Kedua mata Naruto membulat sempurna saat melihat roh Iruka perlahan keluar dari dalam tubuhnya. Pria baik itu mengulum senyum pada Naruto, mengangguk kecil sebelum akhirnya menghilang dan suara mesin pendeteksi jantung itu-pun berbunyi nyaring, memekakan telinga.
"Ada apa ini?" tanya Naruto semakin panik. Dia bertanya pada pria yang kini balas menatapnya lurus. "Apa yang terjadi padaku? Kenapa hanya kau yang bisa melihatku? Lalu siapa dia?" tanya Naruto bertubi-tubi, telunjuknya menunjuk pada tubuhnya yang berbaring tak berdaya.

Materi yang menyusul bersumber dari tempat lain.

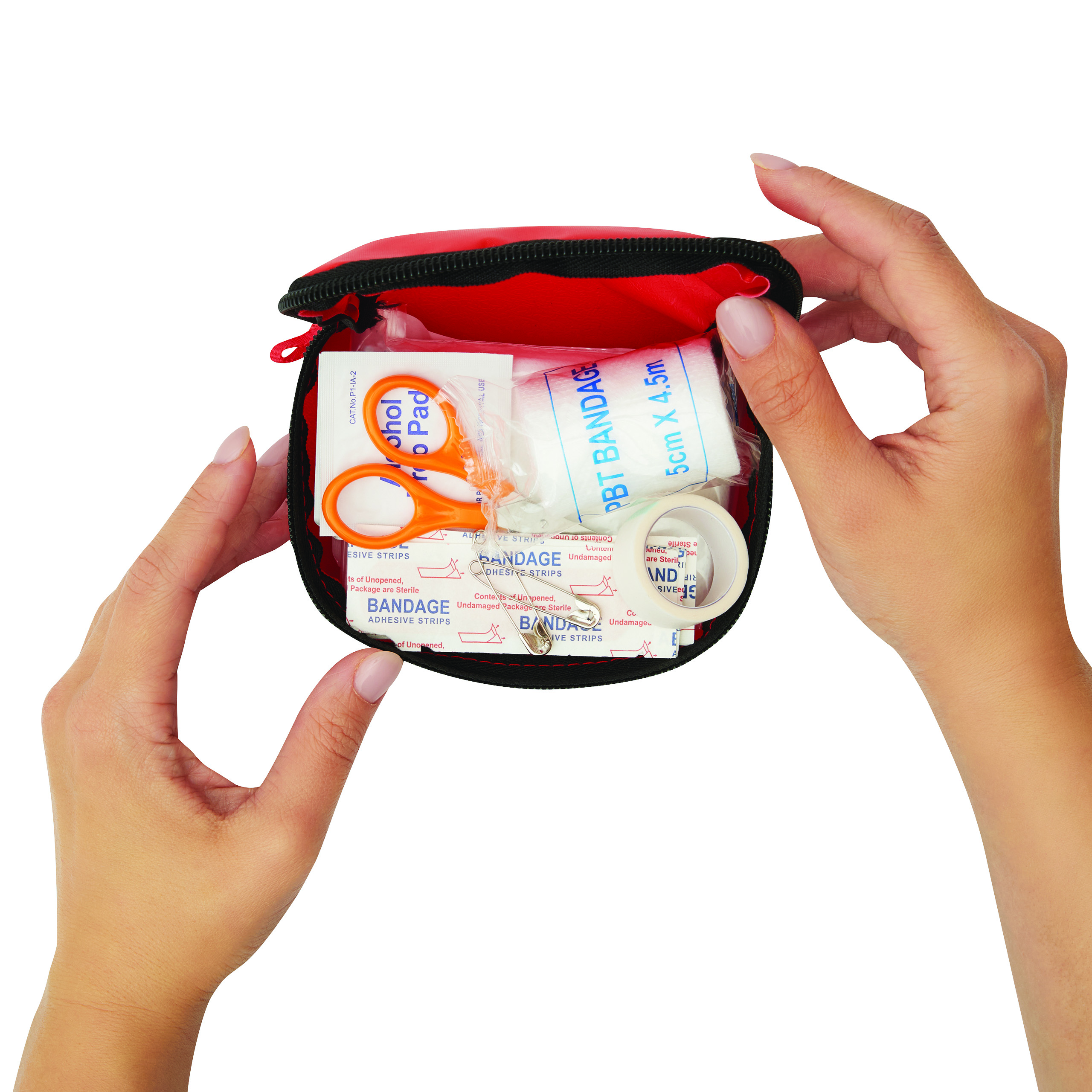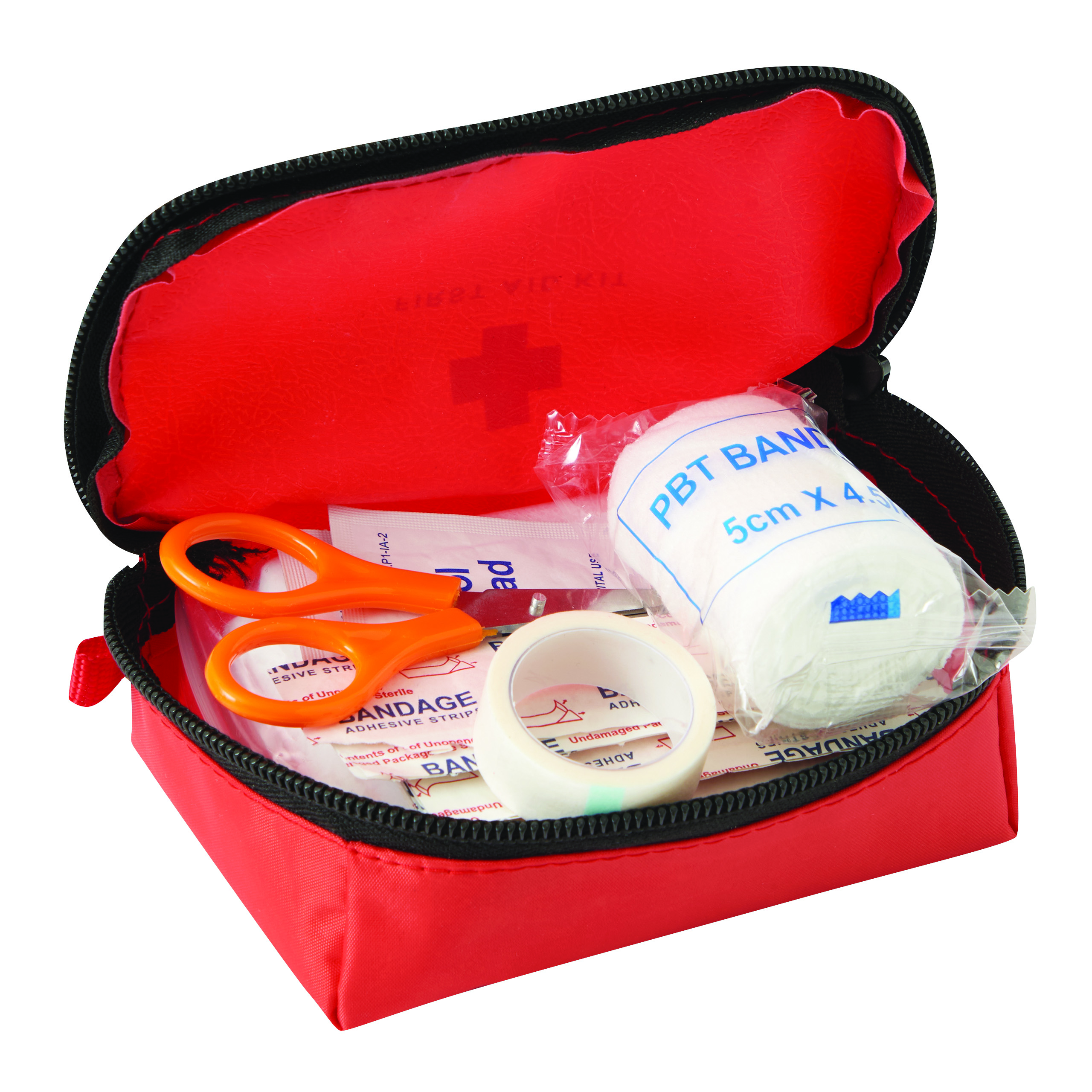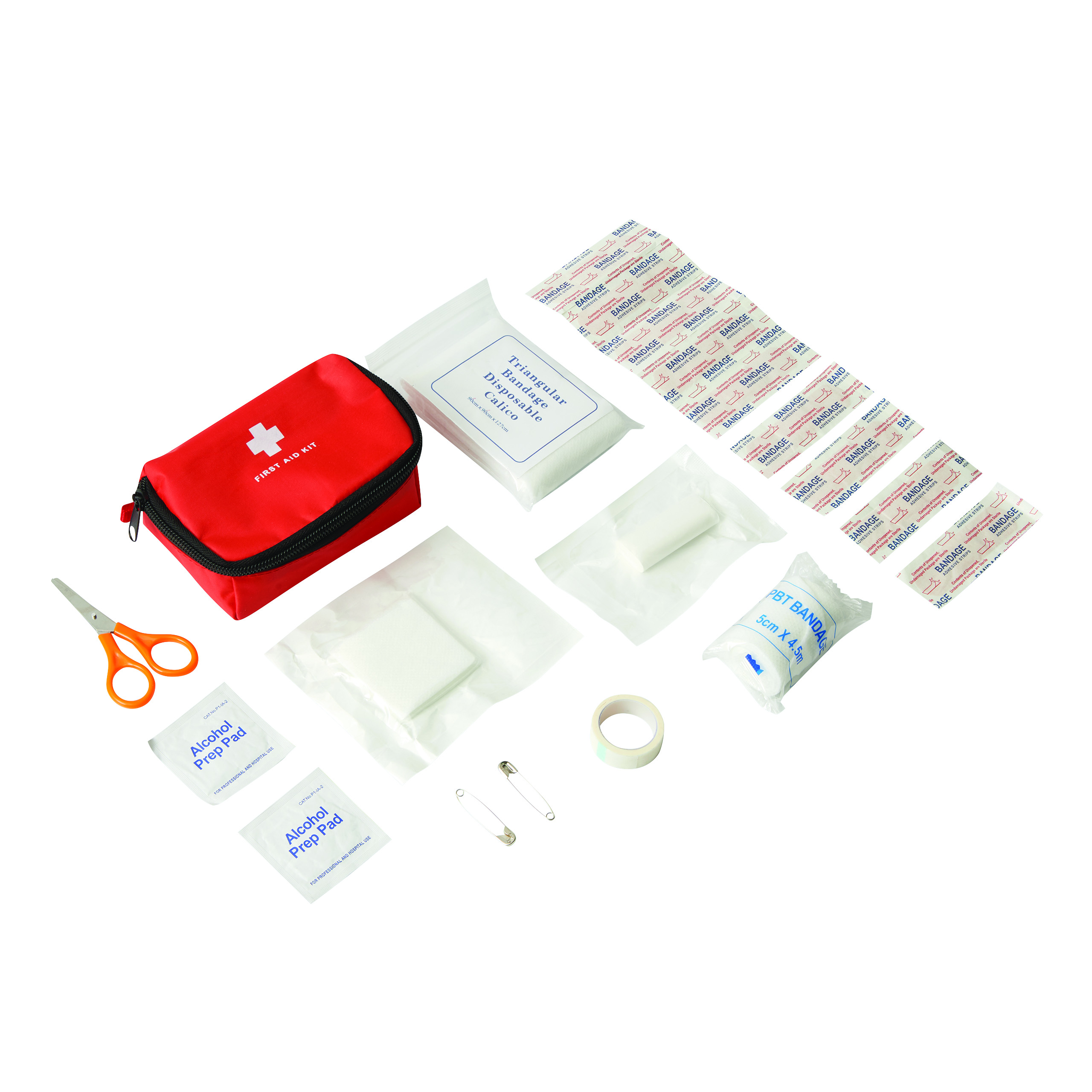 Apteczka pierwszej pomocy BIGGUARD, 20 elementów: zawiera 1 parę małych nożyczek, 9 plastrów samoprzylepnych, 1 bandaż PBT, 1 rolkę taśmy samoprzylepnej, 1 bandaż gazowy, 2 waciki nasączone alkoholem, 1 opakowanie gazików, 1 chustę trójkątną, 2 agrafki, zapakowana w nylonową torbę z zamkiem błyskawicznym.
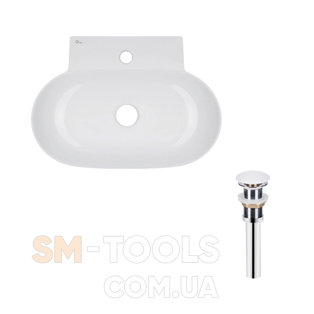 Опис Комплект Qtap Cardinal: Раковина підвісна / накладна овальна 565х400х130 мм White + Донний клапан PU02
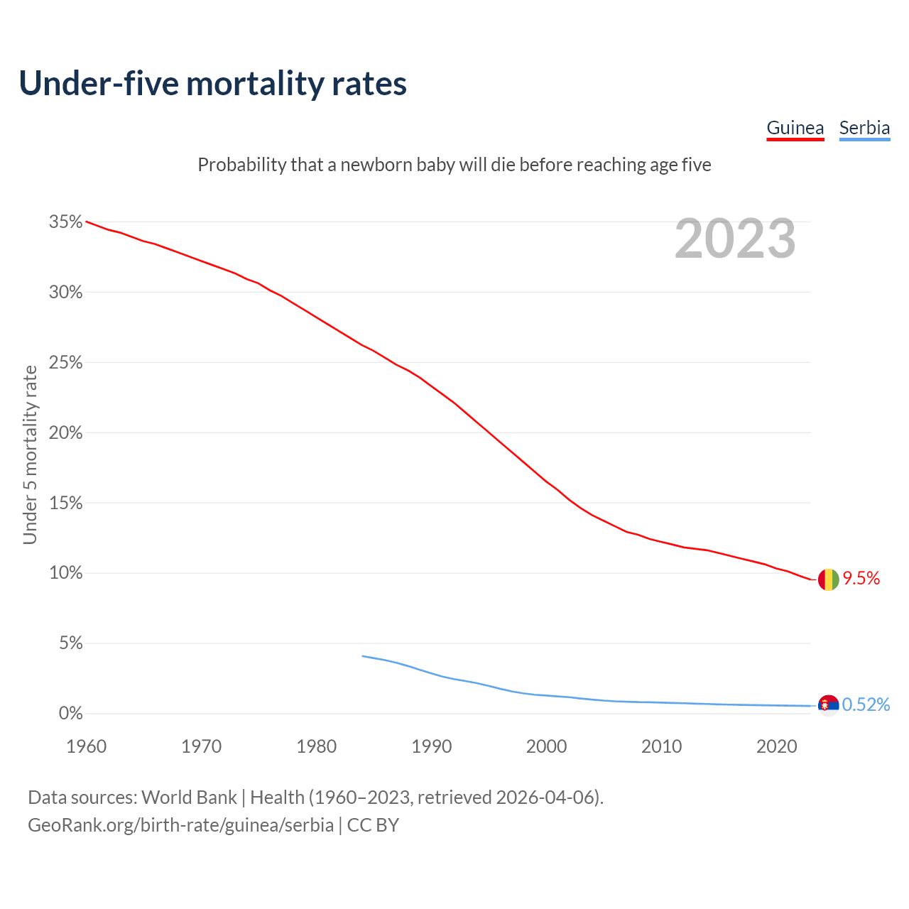 The chance that a newborn baby will die before reaching age five is 9.5% in Guinea and 0.52% in Serbia. Above is a chart with historical data on under-five mortality rates.

Pria itu menghela napas panjang. Terdiam.
"Apa aku sudah mati?" tanya Naruto kemudian. Otaknya mulai memahami akan apa yang terjadi.
"Belum," sahut Kimimaro.
"Lalu?"
"Itu untuk kau cari tahu sendiri." Sahutnya tenang sebelum menghilang.
"Jangan pergi! Kau belum menjawab pertanyaanku!" seru Naruto putus asa. Gadis itu berjalan menembus tubuh dokter dan suster yang bekerja di sekeliling tempat tidurnya. Naruto mencoba untuk masuk ke dalam tubuhnya, namun ia kembali terpental. Tubuhnya seolah menolaknya. Naruto terdiam, kemudian menangis.
Ia memaksa kakinya untuk berjalan keluar dari ruangan itu. Naruto bingung, kemana dia harus pergi sekarang. Gadis itu memejamkan mata, hatinya menyebut satu nama dan saat dia membuka mata, dia hanya bisa mengernyit, heran kenapa tiba-tiba dia bisa berada di tempat ini. "Bagaimana bisa?" pikirnya takjub.
.
.
.
Catatan : Calendula Officinalis atau yang dikenal dengan nama Marigold mempunyai arti kesedihan atau putus asa. Konon, pada zaman dewa-dewi Yunani, dikatakan bahwa Aphrodite, dewi kecantikan begitu sedih atas kematian kekasihnya, Adonis. Ia mulai menangis dan air matanya berubah menjadi marigold.